Patients expect doctors to protect their chance of survival.
There is reliable evidence on the chances of survival in medical settings.
How does the adoption of loss of chance affect the goals of torts policy?
Deterrence: Deters doctors from being negligent in cases of survival
Compensation: Increases odds of compensation (depending on approach)
Moral Fairness: YEAH if you die cause a doc fucked up your estate should totally get recovery; says the entirety of society.
What is several liability?
Several liability refers to the individual liability of each defendant in a tort action.
When defendants act independently of one another (no common plan) to produce divisible injuries each is severally liable.

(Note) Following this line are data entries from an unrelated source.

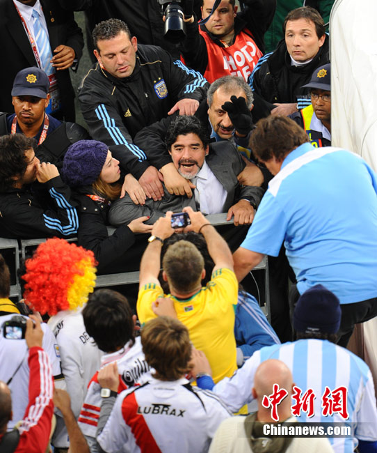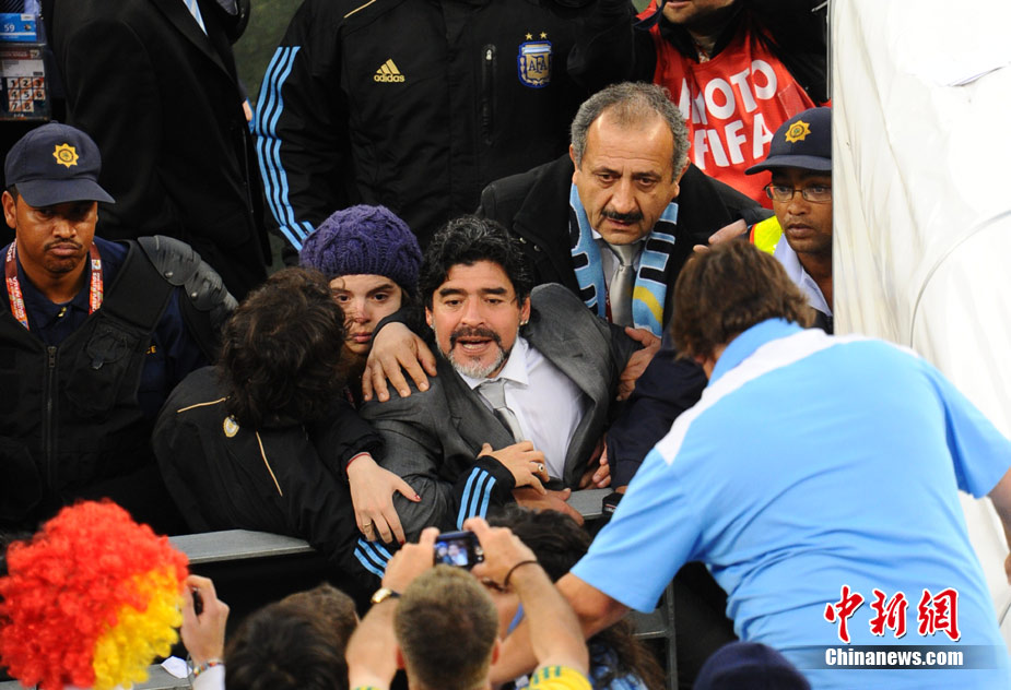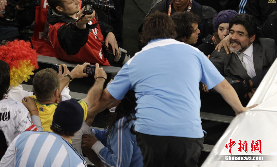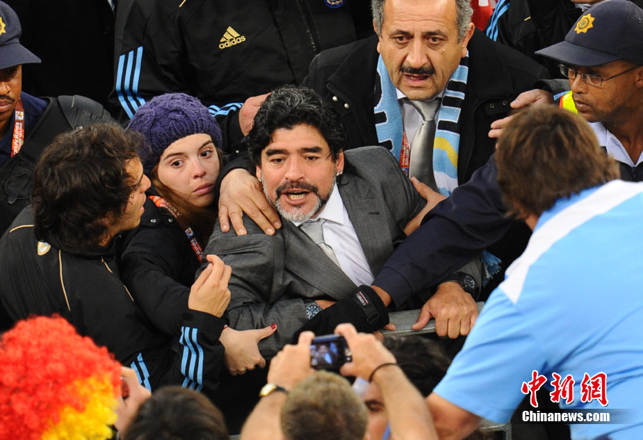 南非世界杯阿根廷與德國隊(duì)的比賽結(jié)束后,瘋狂的德國球迷對馬拉多納進(jìn)行了辱罵和奚落,急脾氣的老馬轉(zhuǎn)身沖向看臺與球迷理論,他更是要爬上看臺親手教訓(xùn)這些球迷。好在大女兒達(dá)爾瑪和阿根廷教練組成員及時(shí)前往制止,否則后果將不堪設(shè)想。
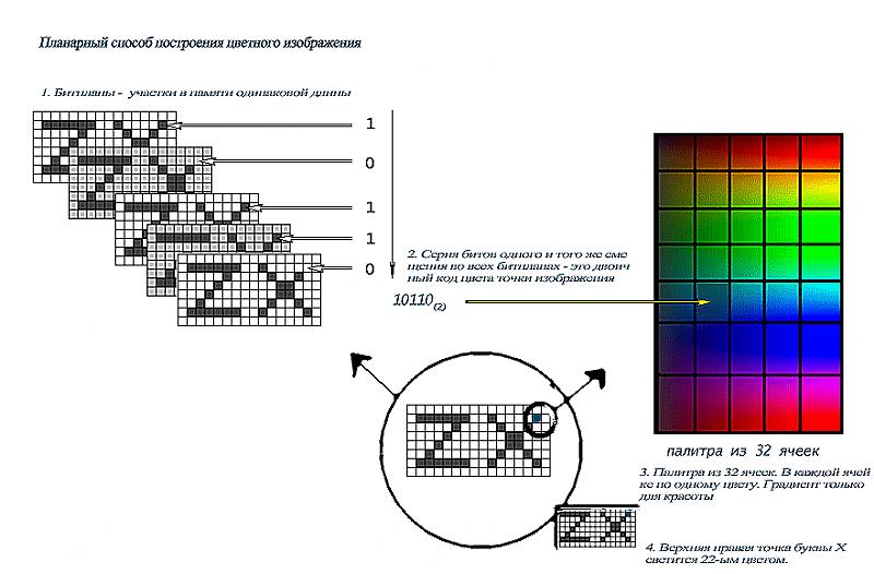 Кто не слыхал (а таких людей тьма, т.к. не каждый программировал для Амиги), то вот немного по планарной схеме составления изображения. В случае чего, пусть амижники меня поправят, но вроде так. Короче, в PC-шном "чанк"-моде у нас одна точка - это "несколько бит в видеопамяти которые идут один за другим". Пример: одна точка - один байт. В амижном планар-моде (битплановый) - биты, кодирующие color одиночной точки расположены не в ряд, а в нескольких одинаковых по размеру видеомассивах, по одному и тому же бит-смещению.
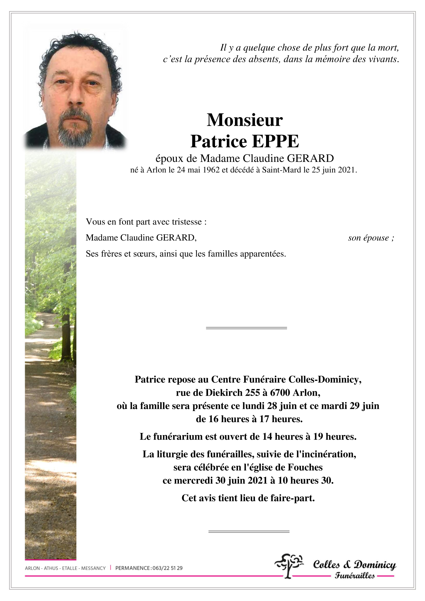 Décédé à Saint-Mard (6762) le vendredi 25 juin 2021 à l'âge de 59 ans
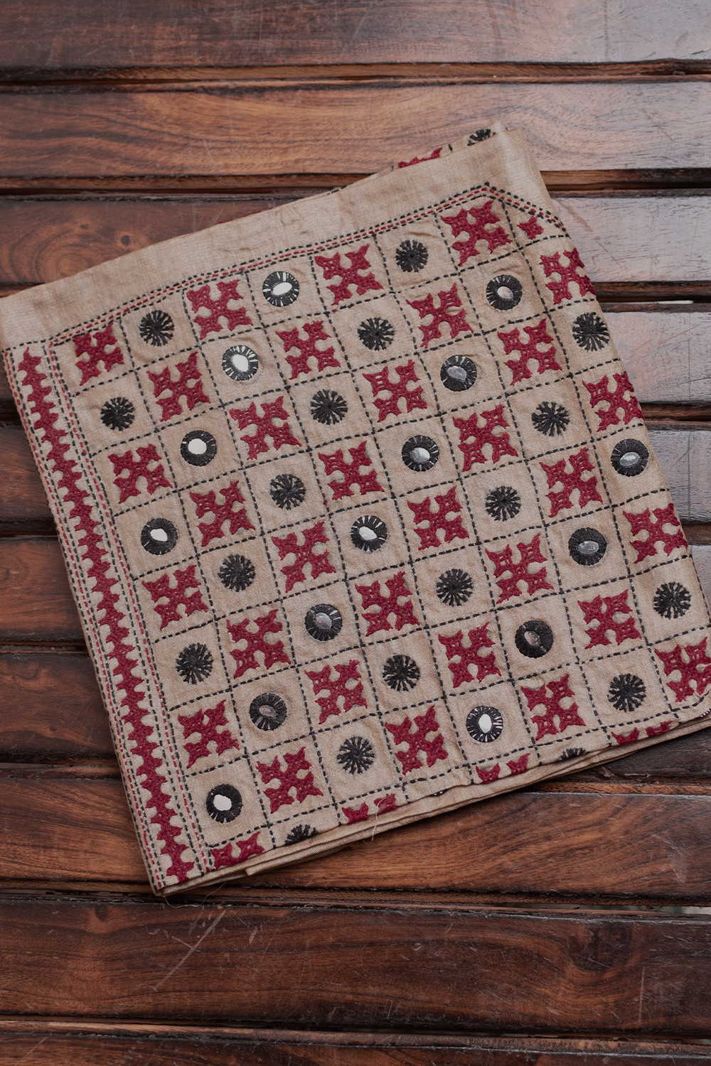 Hand-crafted Intricately Embroidered Kantha tussar silk blouse material. Add elegance to your wardrobe with a charming collection of Silk blouses. Mix and match textures, fabrics, and colors to create a style you can call your own. Pair it up with plain tussar sarees for a desi look.

They will only be responsible for that identifiable divisible injury that was caused by their independent act
What is joint and several liability?
Joint and several liability applies if
Defendants act in concert, that is, pursuant to a common plan or agreement; They will be jointly and severally liable for any injuries that occur due to acts that fall within the scope of that plan or agreement
Defendants’ independent acts concur to produce an indivisible injury
An injury that cannot be disaggregated and then measured separately
What is the burden-shifting technique used in Summers?
When is it available?
The burden-shifting is a test when there is several possible causes of P’s injury. It is available when multipls D’s conduct (usually simultaneously) cause P’s injury but only one act causes serious damage but it is unclear which D caused the injury.

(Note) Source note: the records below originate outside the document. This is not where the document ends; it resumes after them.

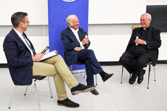 Es habe sich um keine Auftragsarbeit gehandelt, betonte Bischof Hofmann auf eine Frage aus dem Publikum: Der Künstler sei absolut frei von Vorgaben gewesen. Mack selbst beschrieb die Arbeit an der Kapelle als eine Gratwanderung zwischen Gewissheit und Zweifel: „Ich habe mich einem Abenteuer gestellt.“ Umso mehr freue es ihn, dass die Kapelle außerordentlich beliebt sei. Sie sei auch für junge Menschen ein Magnet, bestätigte Bischof Hofmann. Und die Arbeit sei „noch nicht ganz abgeschlossen“, wie Mack erklärte. So wurde die Ausstattung im Jahr 2017 um zwei Altarleuchter und in diesem Jahr um ein dreidimensionales Vortragskreuz ergänzt. Ob sich die Liturgie in einem Kunstwerk anders feiere, wollte Stuflesser wissen. „Es hat schon eine Wirkung auf den, der dort zelebriert“, bestätigte der Bischof: „Es ist nicht einfach nur ein Abspulen des Ritus, sondern man kommt in die Geschichte dahinter.“
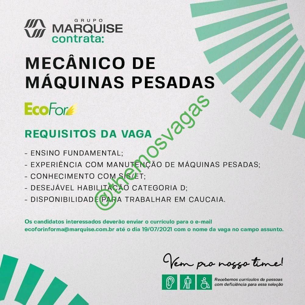 – Interessados(as) e que atendam ao perfil solicitado acima, devem enviar o currículo até 19|07|2021 para o e-mail ecoforinforma@marquise.com.br, contendo no titulo/assunto “Mecânico de Máquinas Pesadas – FOR”
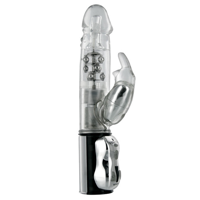 For the ultimate rabbit experience try the Sugar Rabbit Vibe. It has a clear 4.5 inch insertable shaft containing rotating metal beads that can provide intense stimulation. There are 6 different levels of rotation speed. The 7 function (includes speed, pulsation and escalation) rabbit wraps its ears tight around your clit for incredible clitoral stimulation.
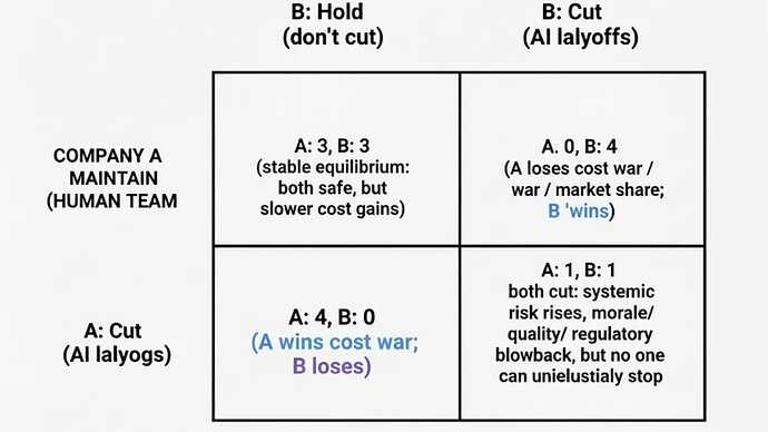 Imagine a game where everyone has to decide whether to keep their jobs or let robots do the work. If everyone chooses robots to save money, many people will lose their jobs, and then nobody will have money to buy things. This could make businesses earn less money, and eventually, the whole economy could crash. It’s like a big team game where if one person makes a bad choice, everyone loses! ![]()
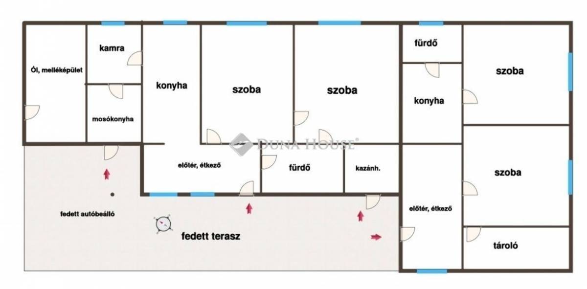 Az ingatlanhoz tartozik továbbá egy 50nm-es fedett terasz rész, melynek egy része 2 gépjármű parkolására is alkalmas.

It is when the burden of proving actual cause shifts to Ds and if neither D can prove the other was responsible then all Ds are jointly and severally liable
How does burden-shifting advance tort’s policy goals?
Deterrence: each D will be deterred based on risk-creation rather than materialization of harm
Compensation: the P will recieve the appropriate level of compensation and maximizes the chances that the P can collect the full amount of damages
Moral Fairness: This results in corrective justice for the innocnet P but creates some horizontal inequality between the Ds however it is less harsh to let a negligent co-defendant who created a risk absorb the costs than a fully innocent P.